What’s up with Ethereum?
Ethereum (ETH) has been on a long losing streak against bitcoin (BTC) since 2022. That appears to be changing.
Look at the chart below. It shows BTC versus ETH over five years. Currently 1 BTC = 26 ETH. That figure was as high as 57 back in 2019, but then ETH took off with its promise of a new financial system built on the blockchain and embossed with smart self-executing contracts.
Suddenly, you could borrow money without so much as an email for identification, using BTC as collateral. Should the value of your BTC collateral drop below a certain threshold, the contract would automatically liquidate and your loan would be repaid to the originator.
That was just the start of it. Insurance contracts are now offered, using self-executing smart contracts to effect payouts. If you’re insured against hail damage on your farm, the smart contract will verify the weather for your area and pay you out. There are now thousands of such options built on the blockchain.
Bitcoin v Ethereum
The ETH price is up nearly 40% over the last month, surging past $3,600 and coming within 26% of its all-time high.

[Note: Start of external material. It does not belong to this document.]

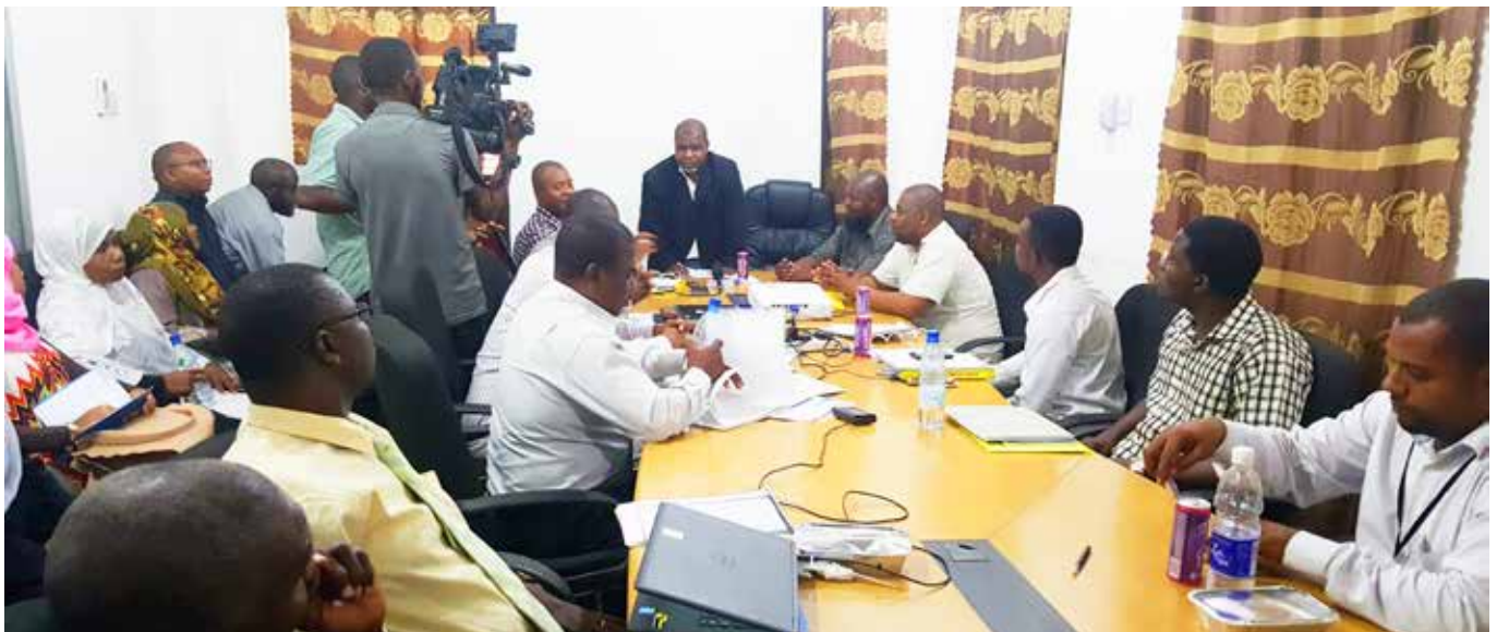
Zanzibar EACFFPC Training of Trainers

The Federation was affected by review of priorities by some of the development partners who were supporting some of the initiatives. This was also partly due to lapsing of some of the programs under which FEAFFA was being supported regardless of how far the individual projects had gone. This left many initiatives incomplete putting further pressure on the Federation to mobilize alternative resources to support the incomplete projects.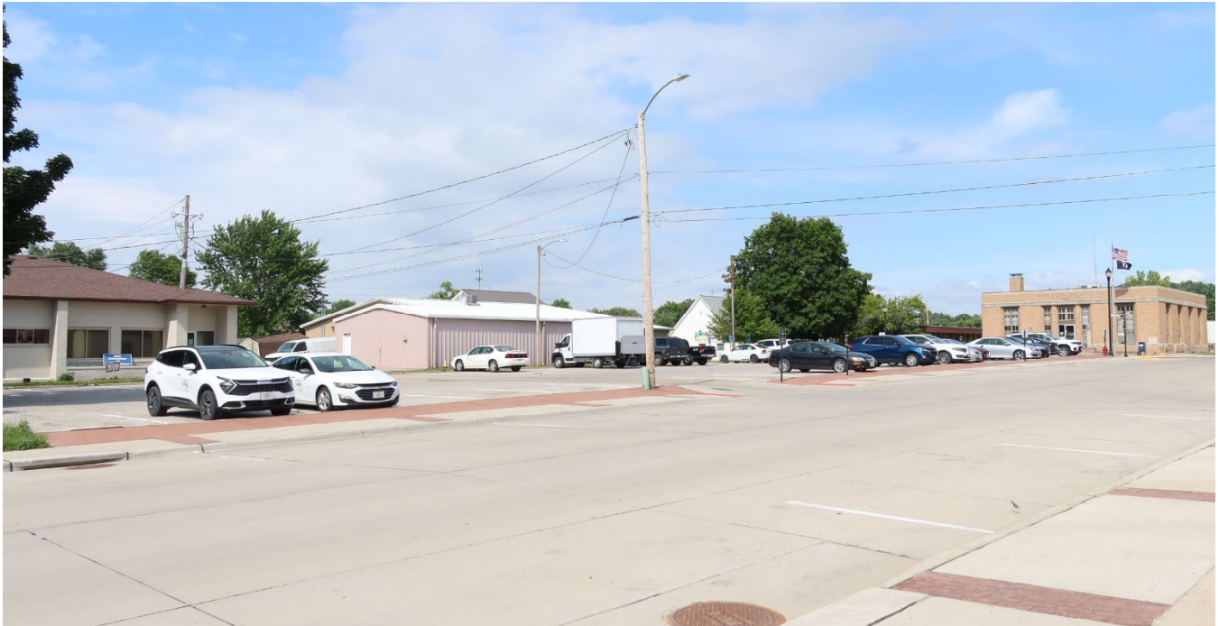
Photograph 44-02280-011. North side of 100 block of W. Madison St (DT-51-52-142-59), looking northeast

Stablecoin inflows into exchanges have hit record highs, providing liquidity and supporting Ethereum’s upward trend, according to CoinMarketCap.
There’s also growing demand for leveraged ETFs, spurred by Donald Trump’s recent victory in the US election. Some analysts are predicting a short-term target of $4k and as high as $15k at the completion of the next bull market.
ETH in USD
Another noteworthy trend is the rise in open interest positions in ETH futures, which is a signal of optimism.
In futures trading, "open interest" refers to the total number of outstanding contracts that haven't been settled or closed out. The higher the open interest, the greater support for the trend already in play.
The next target for ETH is $4k, which appears tantalisingly close now that BTC is taking a breather after its run-up to a whisker within $100k.